In the 1970s, Justices William H. Rehnquist and Byron R. White said business corporations were “creatures of the law,” capable of amassing wealth but due none of the rights of voters.
By contrast, the court’s current majority described a corporation as an “association of citizens” that deserves the same free-speech rights as an individual. Because speech and debate are good for democracy, they said, the public should welcome more corporate-funded campaign ads.
“To exclude or impede corporate speech is to muzzle the principal agents of the modern economy,” Justice Antonin Scalia said. “We should celebrate rather than condemn the addition of this speech to the public debate.”
The change is a product of the Reagan era of the 1980s, when the administration sought to free business from government regulation. All five justices who made up the majority in last month’s case, Citizens United vs. Federal Election Commission, were either appointed by Reagan or worked as young lawyers in the Reagan administration.
“This is a different brand of conservatism,” said Trevor Potter, an election law expert who served as counsel to Arizona Republican Sen. John McCain’s presidential campaign. “The justices are shaped by society. Those that came after the Great Depression saw government regulation of corporations as natural and necessary. This younger generation sees it very differently. They have a real distrust of government.”

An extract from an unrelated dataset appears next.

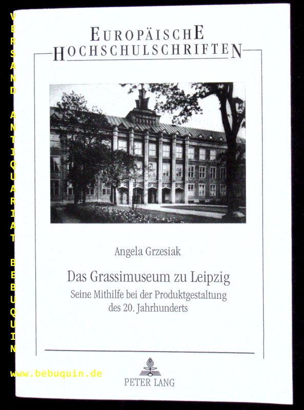 LEIPZIG.– GRZESIAK, Angela: Das Grassimuseum zu Leipzig. Seine Mithilfe bei der Produktgestaltung des 20. Jahrhunderts. Frankfurt (Lang), 1996. 488 S. mit zahlr. Bildtafeln. ill. OKart. tadellos. = Europäische Hochschulschriften; Reihe 3, Geschichte und ihre Hilfswissenschaften, 701. EA.

To the earlier generation of justices, corporations were both powerful and potentially dangerous if unchecked by government.
But in the Jan. 21 opinion, Justice Anthony M. Kennedy portrayed corporations as victims of discrimination.
“Premised on mistrust of governmental power, the 1st Amendment stands against attempts to disfavor certain subjects or viewpoints,” Kennedy said. “Yet certain disfavored associations of citizens -- those that have taken the corporate form -- are penalized for engaging in political speech.”
The victory for business corporations did not arise from a case involving a business corporation.
Citizens United, a small nonprofit group of conservative activists, had produced a 90-minute DVD called “Hillary: The Movie,” which they hoped would derail the presidential candidacy of Hillary Rodham Clinton in 2008.
Because the group had received some corporate money, the high court used its case to rule broadly on the free-speech protection for all corporations.
In 1907, Congress began prohibiting corporations from contributing money to candidates and their campaigns. And in 1947, the law began barring corporations and unions from spending money on their own to elect or defeat candidates for Congress and the White House.
The movement to lift those restrictions dates back to the 1970s. In 1971, Lewis F. Powell, a corporate lawyer from Richmond, Va., sent a confidential memo urging the U.S. Chamber of Commerce to fight for corporate rights in the courts.
Two months later, President Nixon nominated Powell to the Supreme Court. In 1978, Powell wrote the court’s first opinion setting out a corporate free-speech right.
The 5-4 ruling struck down a Massachusetts law that prohibited banks and other corporations from spending money to oppose a ballot measure on taxes. Liberal Justices Harry Blackmun and John Paul Stevens joined Powell’s majority. The dissenters included Rehnquist and White.
In the 1990s, Justices Kennedy, Scalia and Clarence Thomas said they would strike down these laws. When President George W. Bush’s two appointees -- Chief Justice John G. Roberts Jr. and Justice Samuel A. Alito Jr. -- joined with them, they had a majority.
Fred Wertheimer, a longtime champion of campaign finance laws, faults the five-justice majority for judicial activism in its January ruling. “They threw out 100 years of national policy, and they did it by inventing a brand-new right for corporations to participate in politics,” he said.
But Allison Hayward, a George Mason University law professor and critic of the campaign funding laws, said the court’s decision stood up for the very old right of free speech in politics.
“This was a moment for them to say, ‘Enough is enough,’ ” she said. “There’s been a constitutional cloud over the expenditure bans for a very long time.”
The court’s support for corporate speech rights now casts doubt on the money limits placed on political parties.
The McCain-Feingold Act in 2002 restricted how much corporations, unions or wealthy persons could give to parties, and it put new limits on campaign ads that were funded by corporate or union money.
The January ruling struck down the second part of the law. The Republican National Committee and the California Republican Party also have sued on free-speech grounds to knock down the limits on money given to parties. That suit is still pending.